The Department alleged that Serfilco, a Northbrook, Illinois company and manufacturer of commercial filtration and pumping equipment, violated the terms of a denial order imposed by Commerce in 1996 for selling goods to companies in the United States for export to Bahrain and Saudi Arabia, and by negotiating the sale of goods to companies in the United Arab Emirates and Saudi Arabia in 1996 and 1997. While neither admitting nor denying the charges, Serfilco agreed to the administrative penalties.

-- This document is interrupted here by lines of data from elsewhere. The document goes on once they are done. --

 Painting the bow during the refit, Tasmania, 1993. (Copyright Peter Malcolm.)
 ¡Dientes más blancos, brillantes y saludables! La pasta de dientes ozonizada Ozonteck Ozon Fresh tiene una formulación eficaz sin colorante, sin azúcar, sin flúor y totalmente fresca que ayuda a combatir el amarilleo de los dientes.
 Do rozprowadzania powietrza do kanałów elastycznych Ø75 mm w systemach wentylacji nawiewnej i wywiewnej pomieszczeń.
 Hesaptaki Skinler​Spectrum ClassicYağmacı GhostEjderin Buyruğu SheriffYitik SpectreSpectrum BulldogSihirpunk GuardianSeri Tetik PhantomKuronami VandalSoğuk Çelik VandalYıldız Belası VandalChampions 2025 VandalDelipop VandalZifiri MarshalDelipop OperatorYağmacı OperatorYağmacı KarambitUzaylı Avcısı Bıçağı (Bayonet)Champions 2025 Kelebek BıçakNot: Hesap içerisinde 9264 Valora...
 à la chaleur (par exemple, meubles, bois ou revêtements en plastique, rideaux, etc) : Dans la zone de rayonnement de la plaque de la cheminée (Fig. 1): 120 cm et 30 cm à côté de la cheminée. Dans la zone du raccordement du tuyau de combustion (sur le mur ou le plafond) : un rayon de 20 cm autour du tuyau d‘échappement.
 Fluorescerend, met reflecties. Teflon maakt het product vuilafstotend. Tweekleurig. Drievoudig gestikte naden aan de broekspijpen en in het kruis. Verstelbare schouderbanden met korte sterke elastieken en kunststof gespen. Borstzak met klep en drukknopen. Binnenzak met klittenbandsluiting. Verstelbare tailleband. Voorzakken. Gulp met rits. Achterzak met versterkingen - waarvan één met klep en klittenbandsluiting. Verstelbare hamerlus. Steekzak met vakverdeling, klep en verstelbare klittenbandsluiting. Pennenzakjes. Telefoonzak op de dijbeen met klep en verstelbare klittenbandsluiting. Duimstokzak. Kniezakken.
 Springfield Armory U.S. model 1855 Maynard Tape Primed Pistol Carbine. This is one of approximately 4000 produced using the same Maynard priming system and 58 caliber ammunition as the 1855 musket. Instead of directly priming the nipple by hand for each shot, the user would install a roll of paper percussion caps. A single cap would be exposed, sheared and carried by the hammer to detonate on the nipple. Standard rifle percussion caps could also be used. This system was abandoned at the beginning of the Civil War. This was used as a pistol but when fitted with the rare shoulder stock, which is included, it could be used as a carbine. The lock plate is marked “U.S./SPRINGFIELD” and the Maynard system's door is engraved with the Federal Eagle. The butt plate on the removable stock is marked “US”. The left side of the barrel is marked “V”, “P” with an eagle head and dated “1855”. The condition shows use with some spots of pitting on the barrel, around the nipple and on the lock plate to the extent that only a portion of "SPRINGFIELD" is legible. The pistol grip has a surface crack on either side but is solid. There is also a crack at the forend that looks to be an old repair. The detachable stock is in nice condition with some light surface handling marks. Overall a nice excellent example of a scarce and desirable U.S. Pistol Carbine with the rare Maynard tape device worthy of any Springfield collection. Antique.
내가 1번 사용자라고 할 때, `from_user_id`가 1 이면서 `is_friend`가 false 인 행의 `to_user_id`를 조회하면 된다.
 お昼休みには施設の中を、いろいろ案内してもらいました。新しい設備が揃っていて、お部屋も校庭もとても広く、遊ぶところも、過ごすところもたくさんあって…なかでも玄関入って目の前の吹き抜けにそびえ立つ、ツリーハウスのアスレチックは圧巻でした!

The 1996 denial order – which prohibited Serfilco from participating in any transaction involving an export or negotiating a sale for export from the United States to the eleven countries for a one-year period – was imposed after Serfilco violated the antiboycott provisions of the Export Administration Regulations by giving information about its business relationship with Israel when it responded to a boycott questionnaire from an Iraqi distributor and for failing to report to BIS its receipt of boycott-related requests.
Prager commended two BIS officials who conducted the investigation of this case: Special Agent Richard Greene of the Office of Export Enforcement’s field office in Chicago and Compliance Officer Ned Weant at Export Enforcement headquarters in Washington, D.C.